Ага, единодушия! Когда мы пришли к гномам снова, на их лицах было такое уныние, что я на всякий случай их пересчитала. Шесть? Как шесть? Где седьмой?
– Не выдержал! – буркнул гном в синем, пряча глаза. Мне стало как-то не по себе.
– Приношу свои глубокие соболезнования, – вздохнула я, прикидывая, что не хватает самого маленького, фиолетового.
– Не стоит… Он сейчас в лучшем месте и в лучшем положении, чем мы все, – угрюмо заметил красный, с сожалением глядя на пустой стульчик.
Дверь открылась, и на пороге появился… фиолетовый:
– Там засорилось. Я палкой чистил! Еле пробил! – радостно воскликнул он, но радость его померкла, когда он увидел нас.
– Письмо для Белоснежки! – заявил зеленый, протягивая мне мятую бумажку, где было написано:
«Эй ты! Прасти нас, пажалуйста! Мы больше не будим! Гномы».
– Я вижу, что все тут шибко грамотные, – ядовито заметил котишка, глядя на мрачные лица гномов.
Котофей запрыгнул на стол и торжественно объявил, что в связи с поголовной безграмотностью среди гномьего населения он решил провести тотальный диктант, по результатам которого выживут лишь самые грамотные. В прямом смысле этого слова.

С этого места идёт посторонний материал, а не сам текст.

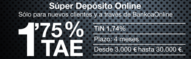 Bankoa rectifica ligeramente y sube la rentabilidad de su Depósito Bienvenida 2, llamado Super Depósito Online, desde el 1,5% TAE hasta el 1,75% TAE. Supone una subida del 0,25 puntos porcentuales en su rentabilidad.

– Дорогие гномы! Вот и подошел к концу наш учебный план. Потому сейчас мы дружно сядем и напишем небольшой диктант. Доставайте листочки, перья, прячьте учебники, садитесь ровно. Диктант называется «Приносим свои глубочайшие извинения, уважаемая Белоснежка!». Пересдачи не будет! Поэтому пишем сразу красиво, аккуратно и грамотно! У соседей не списывать! За списывание я, как добрый учитель, сразу выкалываю глазик! Так что вспоминаем все правила и пишем молча. Если вам что-то непонятно, поднимайте руку вверх и ждете, когда я обращу на вас внимание. Обращаться ко мне исключительно на «вы» или Летифер Фердинандович.

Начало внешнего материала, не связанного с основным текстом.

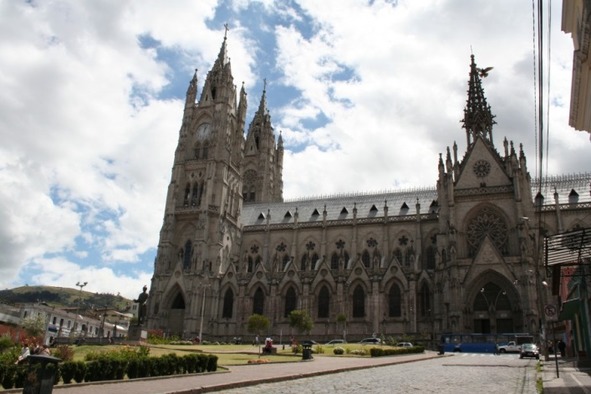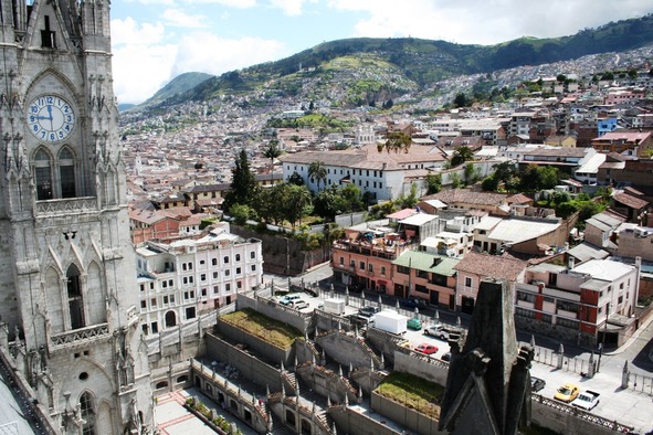 Рассчиталась, собрала вещи, оставила в камере хранения хостела. Свободного времени у меня было часа 4, и я отправилась в старый город, чтобы забраться на смотровую площадку базилики Храма дель-Вото-Насьональ. Храм видно почти отовсюду в городе, также как и статую Девы Марии, установленную на холме. Вместо страшных горгулий – дружелюбные звери, обитатели местной сельвы. Внутри – собор, с другой стороны – музей и гробница. Наверху – витражи, переход под крышей с дырочками, в которые проникает свет, образуя причудливые созвездия, к башням, выход на смотровую, возможность забраться на базилику.

Я потухала, чувствуя, что с таким именем-отчеством нужно работать только в детсадовской логопедической группе. «Фе-фе-фел Фе-фе-на-на-вись». Дети раньше научатся самостоятельно завязывать шнурки и убирать за собой, чем выговорят имя воспитателя.
– Мышка, не смотри на меня так, словно я раньше в гестапо работал. Я, между прочим, два года жил у одинокой школьной учительницы! – заметил котофей, царапая когтями столешницу.
На лицах сопящих от усердия гномов была написана простая истина: «Кто-то приносит радость, приходя в жизнь, а кто-то – сваливая из нее». Так вот, мы с Феем были больше по второй части. Насчет меня они еще сомневались, а вот насчет Летифера Фердинандовича были единодушны.
– Итак, Единый Гномий Экзамен, в простонародье ЕГЭ, окончен. Сдаем работы. Время вышло, – заявил котишка, пока я собирала листочки. – А теперь до свидания. Я не прощаю и не прощаюсь.
При воспоминаниях о ЕГЭ по моим губам поползла довольная улыбка. Белоснежка еще раз недоверчиво прочитала «извинения», а потом взглянула на портрет своего принца. Я его узнала, он висел в нижнем ряду Аллеи славы нашего замка. Жаль… Искренне жаль…
– Благодарю за то, что вы сделали для меня и для него, – произнесла красавица, подписав наши документы. – У меня есть для вас подарок. Когда-то это зеркало принадлежало моей мачехе, но я дарю его тебе, Принц. Таких зеркал немного, так что оно действительно очень редкое и ценное.
Слуги на бархатной подушечке принесли мне зеркало, смахивающее на круглую расческу-щетку, только вместо щетки была мутная зеркальная поверхность.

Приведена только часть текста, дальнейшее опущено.